NBC desperately wants its new family dramedy Parenthood to be a success. For months, the show has been advertised online and in magazines with such tired clichés as “Parenthood is realizing you’ve become your father” and “Parenthood is reading more Dick and Jane than Moby Dick”. Its premiere episode was hyped as “brought to you with limited commercial interruption by Nissan”, so I thought I was in store for a rip-off of Brothers and Sisters or Modern Family that served as a cheap infomercial for minivans. Furthermore, the show is loosely based on the 1989 movie of the same title that started Steve Martin. However, it’s better than advertised.

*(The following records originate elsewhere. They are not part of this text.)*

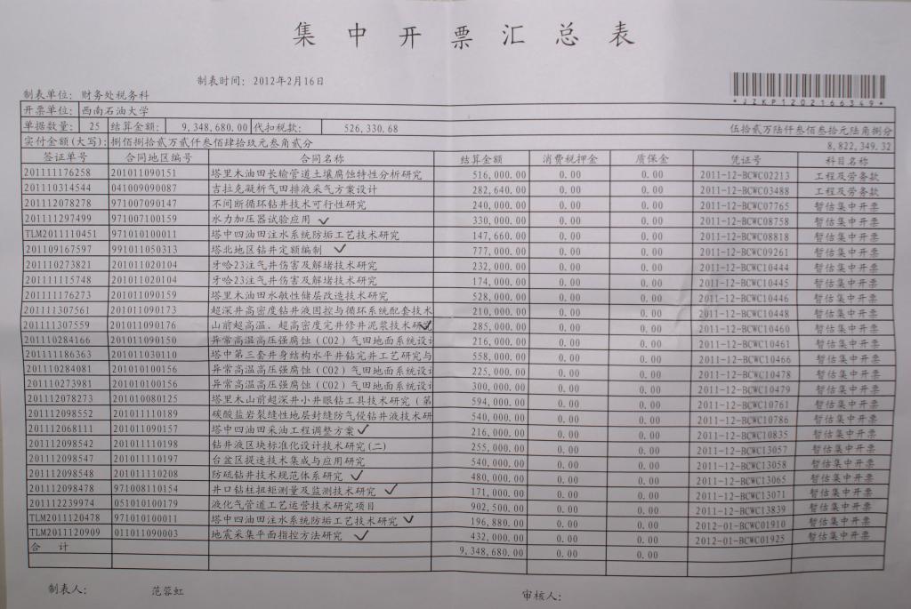 現將塔里木油田項目到款集中開票有關項目通知附后,請有關老師把合同復印件、項目結算單于2月29日前交科研處。(表里打勾可以不交材料)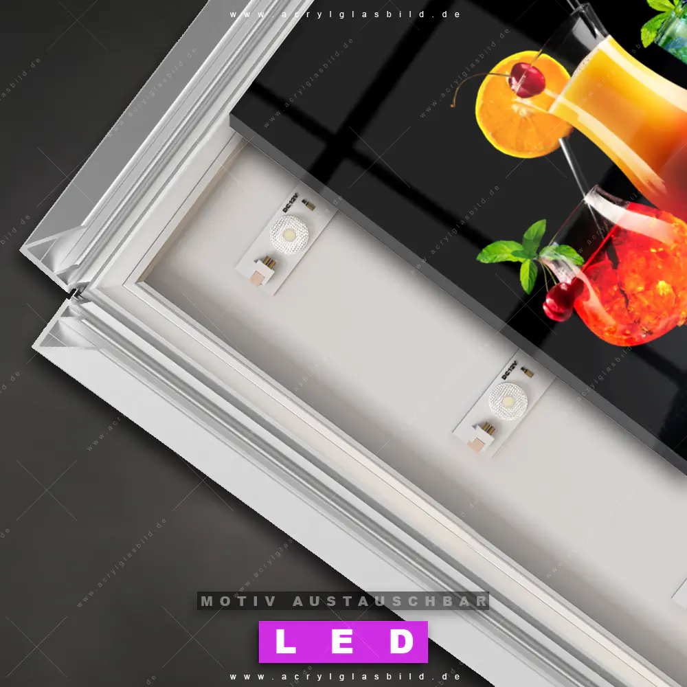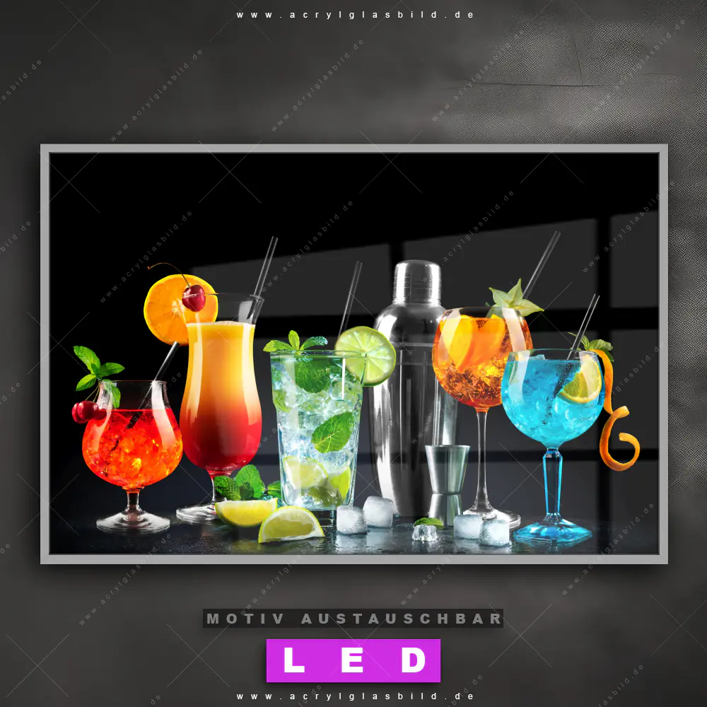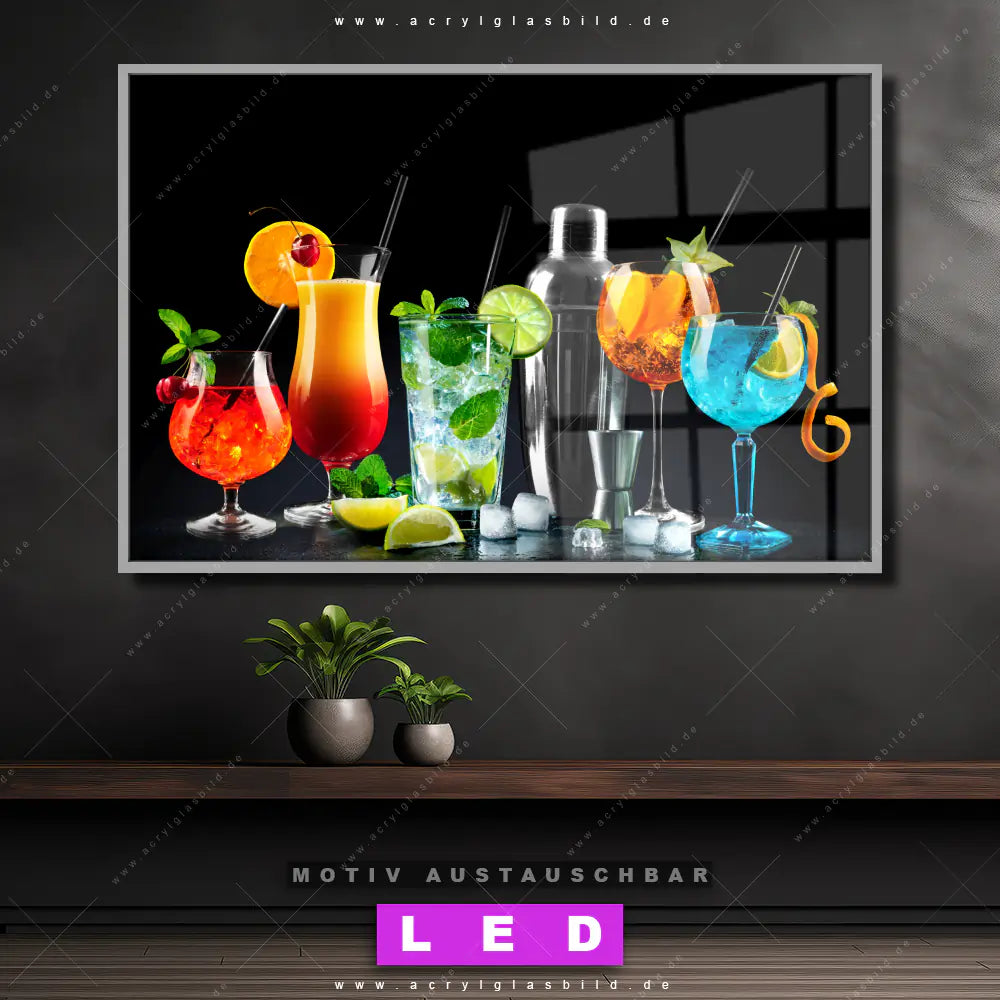Du bist auf der Suche nach einem dimmbaren Essen - Trinken LED Bild mit Fernbedienung und optionaler Farbtemperatursteuerung? Dann haben wir hier genau das richtige Wandbild mit LED Beleuchtung für dich: Unser Canvalight® DIA LED Acrylglasbild Bunte Cocktailträume im Querformat mit austauschbarer bedruckter Acrylglas-Scheibe. Dieses Leuchtbild bringt sofort Partybeleuchtung in deine Räume!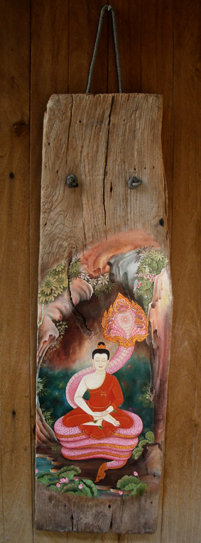เทคนิค จิตรกรรมไทยบนไม้สักเก่า โดยใช้สีอคลีลิคที่ใช้เขียนตามโบสถวิหาร ( ไม่ใช่สีอลีลิคทาตามบ้านทั่วไป ) มีความทนทานสูง เคลือบกันฝุ่น เรียบร้อยเเล้ว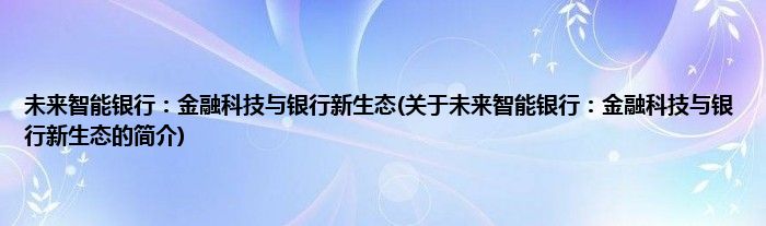 本文关于未来智能银行:金融科技与银行新生态的简介就讲解完毕,希望对大家有所帮助。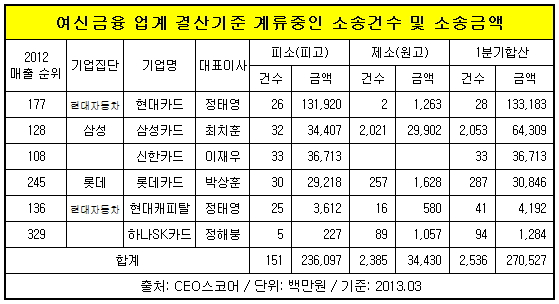 공시 상 가장 많은 금액을 피소 당한 곳은 현대카드였고, 반대로 가장 많은 금액의 소송을 제기한 곳은 삼성카드였다. 총 건수의 81%를 차지했다.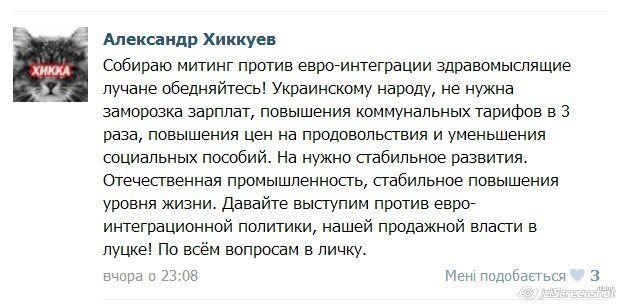 «Собираю митинг против евроинтеграции, здравомыслящие лучане, объедняйтесь! Украинскому народу не нужна заморозка зарплат, повышение коммунальных тарифов в 3 раза, повышение цен на продовольствие и уменьшение социальных пособий. Нам нужно стабильное развитие. Отечественная промышленность, стабильное повышение уровня жизни. Давайте выступим против евроинтеграционной политики, нашей продажной власти в Луцке! По всём вопросам - в личку»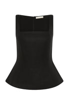 An elevated everyday top, designed from a signature 100% European Flax® linen in a classic black. With a square neckline and wide shoulder straps, it is fitted through the bodice before cinching in slightly at the waist and flaring into a peplum hem that crops around the hips. Softly tailored but with an ease of wear, styling with the matching Valeria Capri for timeless set dressing.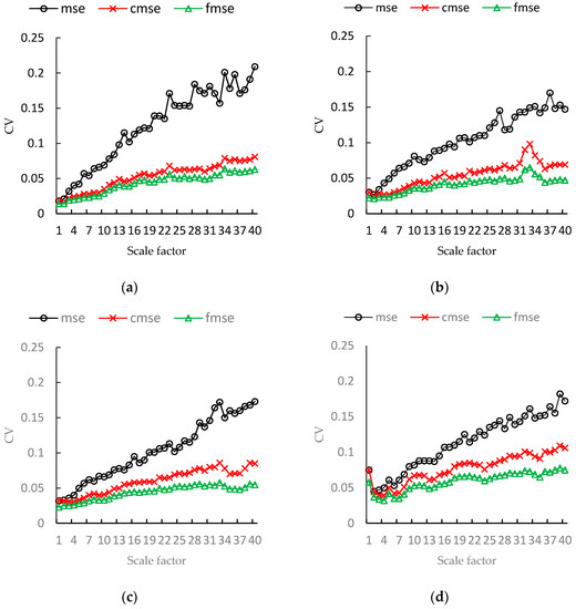 In the next, the convergence of the entropy values estimated from one hundred independent noise signals is examined. It is reasonable to assume that entropy values estimated for different samples generated by the same noise function should be convergent. In other words, the dispersion of the estimations for different samples from the same noise function is the lower the better. Since, the mean value of FMSE is different from that of MSE, CMSE, we use coefficient of variation instead of standard deviation to measure the convergence. The coefficient of variation (CV) is defined as the ratio of the standard deviation , over the mean :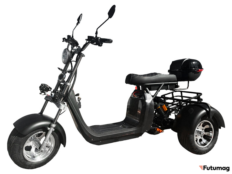 Электроскутер оснащен гидравлическими тормозами, которые обеспечивают надежное и безопасное торможение в любых условиях. Задний привод добавляет уверенности в управлении, особенно при маневрировании на поворотах. Трехколесная конструкция обеспечивает отличную устойчивость, что особенно важно для новичков и тех, кто предпочитает более стабильные транспортные средства.

One problem with the show, though, is the fact that there are so many members of the Braverman family to keep track of. A large focus of Tuesday’s episode was single divorcee Sarah (Lauren Graham) who picked up her spoiled brat daughter, Amber, and seemingly normal teenage son, Drew, and moved back home to her parents. However, a more interesting character on the show is Sarah’s brother, Adam (Brian Krause). After losing his position as Little League coach when he fights with the umpire over a call involving his son, Max, he argues with his pushy dad (Craig T. Nelson) over a nosebleed he apparently caused by pushing Max to play basketball. After a violent outburst in school, Max is diagnosed with Asperger’s Disease. The two most poignant moments in the episode dealt with Adam and his wife, Kristina, dealing with this news and the grandfather’s realization that “something’s wrong” with Max. Less interesting is the plight of Sarah and Adam’s slacker brother Crosby (Dax Shepard), a recording engineer who reluctantly agrees to have a baby with his record producer girlfriend within three years, after learning that she was looking for a sperm donor. A supposed cliffhanger is his discovery that he fathered a son named Jabbar with a stripper named Jasmine. What I find more interesting is Braverman sister, Julia, (Erika Christensen) a working mom who is beginning to realize that her daughter, Sydney, prefers her stay-at-home dad to her.

As typical of a family drama, family crises occur. Amber gets herself and good-girl cousin, Haddie, arrested for drug possession and Drew runs away to live with his father after seeing his mother slugging wine in the kitchen with her new date. Also, Sarah believes her father could be having an affair. By the end of the episode, the whole clan comes together to cheer on Max at another baseball game.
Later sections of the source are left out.